Deviled Eggs

In "Charleston Receipts" 1950, "South Carolina Cookbook" 1953, "The American Woman's Cookbook" 1939, Easter, SOURCES on April 4, 2010 at 6:43 am

COLD (PICNIC EGGS) — Cut hard-cooked eggs in half, either lengthwise or crosswise. Mash the yolks, season with salt, pepper, butter, a little mustard and vinegar. Minced potted ham may be added, or the yolks may be mixed with mayonnaise dressing. Refill the whites with the mixture; press two halves together, and wrap each egg in a square of waxed paper.

HOT — Omit the vinegar, add nuts to the egg mixture, moisten with evaporated milk and refill whites. Cap with large sauteed mushrooms.

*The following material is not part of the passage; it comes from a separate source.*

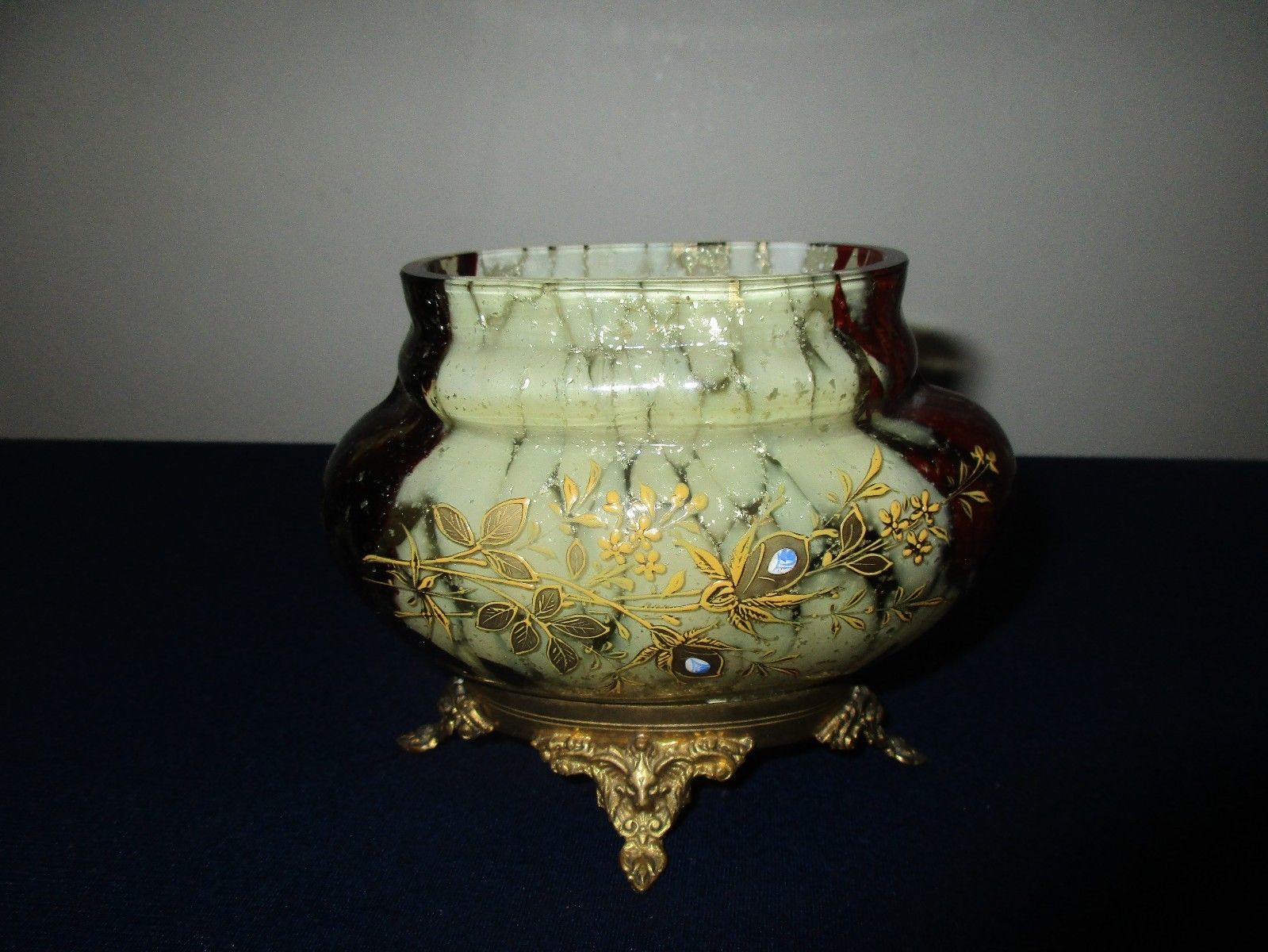 Title (ebay affiliate link): Antique Harrach Loetz Art Glass Oxblood Red Mica Enamel Bronze Dore Footed Vase

Pack into a greased baking dish, caps up, cover with rich white sauce, then buttered crumbs and brown in 350 degree oven.

(Editor’s note: My dad — Bobby/Uncle Bobby — tells me we need a deviled egg recipe for Easter, but Grandma/Momma/Bee seems to have never written down a specific one. What is typed above comes from her most-used cookbook, the one without a cover.

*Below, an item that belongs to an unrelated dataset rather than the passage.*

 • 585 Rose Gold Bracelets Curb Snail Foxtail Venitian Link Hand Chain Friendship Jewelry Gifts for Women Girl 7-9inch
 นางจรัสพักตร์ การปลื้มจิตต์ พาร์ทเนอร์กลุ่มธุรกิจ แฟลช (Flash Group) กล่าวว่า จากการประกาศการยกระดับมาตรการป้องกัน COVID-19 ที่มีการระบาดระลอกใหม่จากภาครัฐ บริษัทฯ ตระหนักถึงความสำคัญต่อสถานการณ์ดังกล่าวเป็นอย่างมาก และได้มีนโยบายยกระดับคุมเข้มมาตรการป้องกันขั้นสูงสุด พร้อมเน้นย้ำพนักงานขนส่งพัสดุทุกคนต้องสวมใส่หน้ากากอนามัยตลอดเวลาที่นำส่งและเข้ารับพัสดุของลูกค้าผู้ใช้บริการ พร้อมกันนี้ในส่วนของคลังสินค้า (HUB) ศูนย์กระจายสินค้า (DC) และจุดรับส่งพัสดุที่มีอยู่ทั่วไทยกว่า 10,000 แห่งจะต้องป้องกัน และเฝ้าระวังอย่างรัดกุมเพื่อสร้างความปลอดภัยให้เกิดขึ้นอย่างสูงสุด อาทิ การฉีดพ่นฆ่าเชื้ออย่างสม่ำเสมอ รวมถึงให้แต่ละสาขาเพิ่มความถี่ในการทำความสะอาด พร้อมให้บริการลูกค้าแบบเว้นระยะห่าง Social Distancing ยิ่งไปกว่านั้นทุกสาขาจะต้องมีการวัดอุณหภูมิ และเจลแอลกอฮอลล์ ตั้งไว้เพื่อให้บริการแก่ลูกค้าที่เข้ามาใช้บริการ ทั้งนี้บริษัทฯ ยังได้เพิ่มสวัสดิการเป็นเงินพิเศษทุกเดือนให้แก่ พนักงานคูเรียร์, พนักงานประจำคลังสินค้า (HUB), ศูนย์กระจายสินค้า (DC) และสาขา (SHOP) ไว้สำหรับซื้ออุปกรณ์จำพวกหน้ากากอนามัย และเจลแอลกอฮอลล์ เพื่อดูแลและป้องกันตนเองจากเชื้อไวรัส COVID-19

Below, you’ll also find parts of the “Eggs Every Day” chapter from Grandma/Momma/Bee’s “South Carolina Cook Book,” the one published in 1953 by the South Carolina Council of Farm Women. Page 108 tells you how to boil the eggs in the first place. And page 114 lists a recipe for what are essentially baked deviled eggs with curry powder and good old Worcestershire.)

  1. I think GM didn’t need much of a recipe for deviled eggs – or something to tell her how to boil them. Of course by the time I knew her, it seemed to me that she knew all her recipes by heart.
    Actually, I think I have also memorized the recipe of how to boil eggs.

  2. Deviled eggs were always an Easter special since that’s what you did with all those dyed eggs – all the ones you didn’t just crack and eat, you turned into deviled eggs.

  3. Didn’t Grandma do hers with sweet pickle relish?

  4. Deviled eggs are my favorite way to eat eggs, I think. Mustard, relish, paprika. Yum.